Newswise — ITHACA, N.Y. – As polarization has escalated in the U.S., the question of if and when that divide becomes insurmountable has become ever more pressing. In a new study, “Polarization and Tipping Points” published Dec. 7 in PNAS, researchers have identified a tipping point, beyond which extreme polarization becomes irreversible.

The researchers employed a predictive model of a polarized group, similar to the current U.S. Senate, to reveal what can happen when the country faces an attack by a foreign adversary or a global pandemic.

“Instead of uniting against a common threat, the threat itself becomes yet another polarizing issue,” said first author Michael Macy, professor of sociology and director of the Social Dynamics Laboratory at Cornell University.

The model allows researchers to study the effects of party identity and political intolerance on ideological extremism and partisan division. “We found that polarization increases incrementally only up to a point,” Macy said. “Above this point, there is a sudden change in the very fabric of the institution, like the change from water to steam when the temperature exceeds the boiling point.”

“We see this very disturbing pattern in which a shock brings people a little bit closer initially, but if polarization is too extreme, eventually the effects of a shared fate are swamped by the existing divisions and people become divided even on the shock issue,” said co-author Boleslaw Szymanski, professor of computer science and director of the Army Research Laboratory Network Science and Technology Center (NeST) at Rensselaer Polytechnic Institute. “If we reach that point, we cannot unite even in the face of war, climate change, pandemics or other challenges to the survival of our society.” 
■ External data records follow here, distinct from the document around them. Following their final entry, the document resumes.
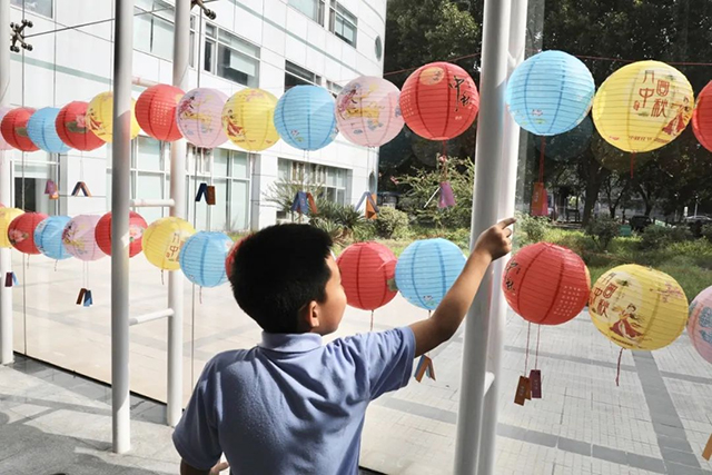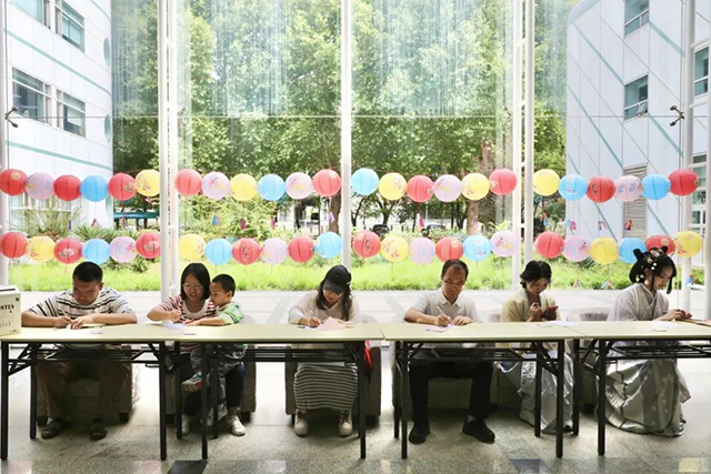 画团扇、做花灯、猜字谜……一项项有趣的体验运动,让各人陶醉在喜悦的气氛中。一面面团扇泛起皎皎明月、灵动玉兔;一盏盏花灯萌趣可爱,惟妙惟肖;身着汉服的小姐姐、古色古香的花灯安排,让人犹如穿越到了大唐盛世。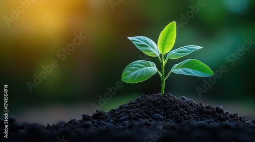 A young green plant with bright leaves emerging from fertile soil. Symbolizes growth, environmental awareness, the environment and sustainable practices.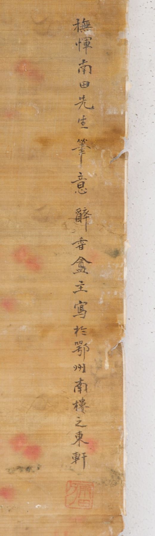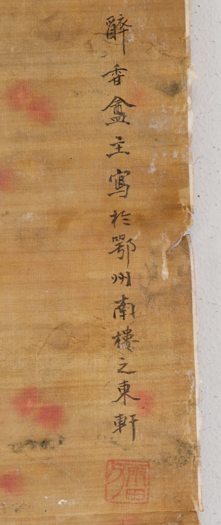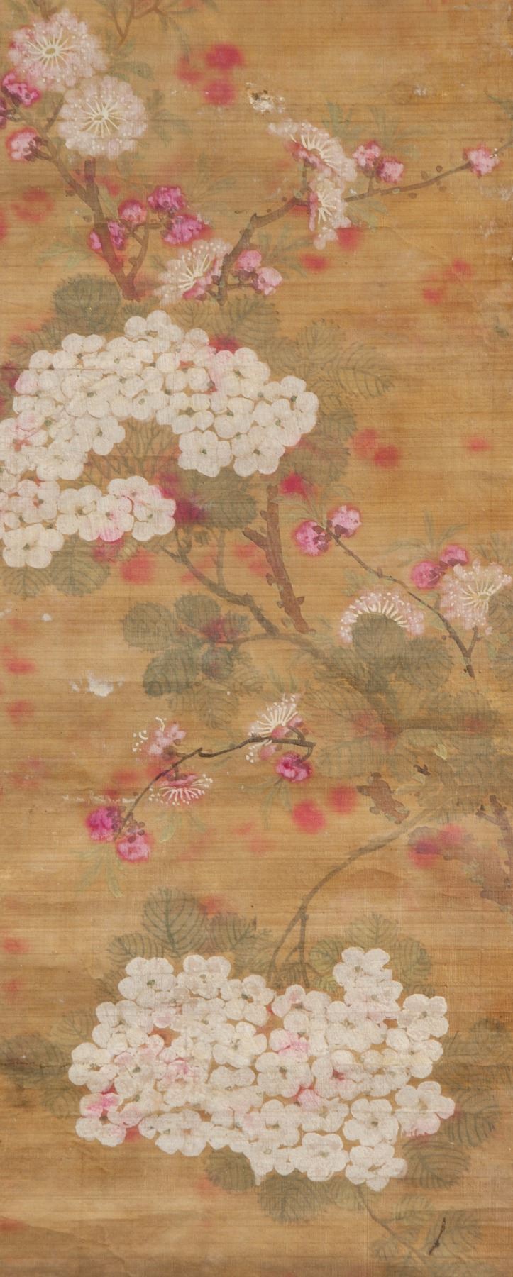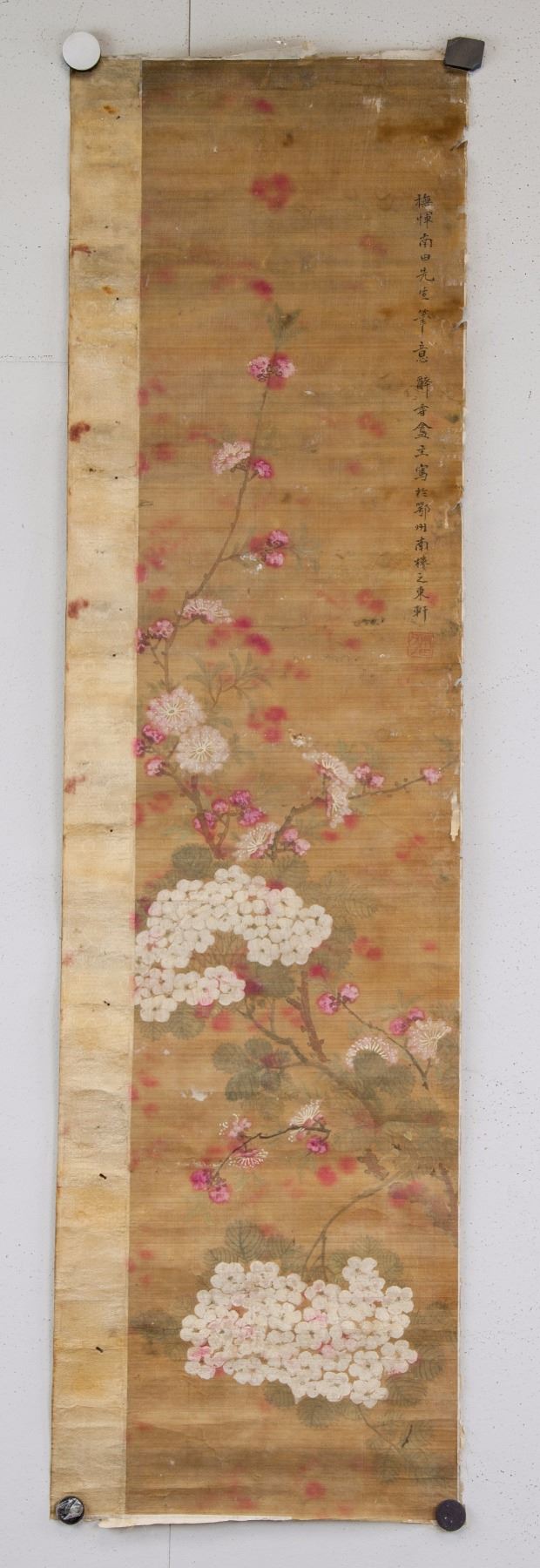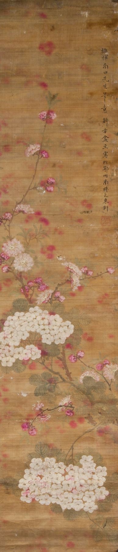 Painting of peach flower; Chinese ink and watercolour on silk roll; signed by artist; inscribed with 1 artist seal; 17th-18th century; 95 cm x 26 cm

Below the critical point in the level of polarization, the researchers found that the upward trend in polarization would reverse when the researchers dialed down the control parameters. But once the level of polarization reached a critical point, the control parameters no longer had any effect and the dynamics could not be reversed, even in response to a common threat.

“The process resembles a meltdown in a nuclear reactor,” Macy said. “Up to a point, technicians can bring the core temperature back down by increasing the flow of water used to cool the reactor. But if the temperature goes critical, there is a runaway reaction that cannot be stopped.

“Our study shows that something very similar can happen in a ‘political reactor.’ The voters are like the nuclear technicians. It’s up to us to bring the political temperature back down before it is too late,” Macy said.

Manqing Ma, Daniel R. Tabin and Jianxi Gao of Rensselaer Polytechnic Institute were co-authors on the paper. The research was supported by the U.S. Army Combat Capabilities Development Command’s Army Research Laboratory, the National Science Foundation and the Rensselaer-IBM Artificial Intelligence Research Collaboration.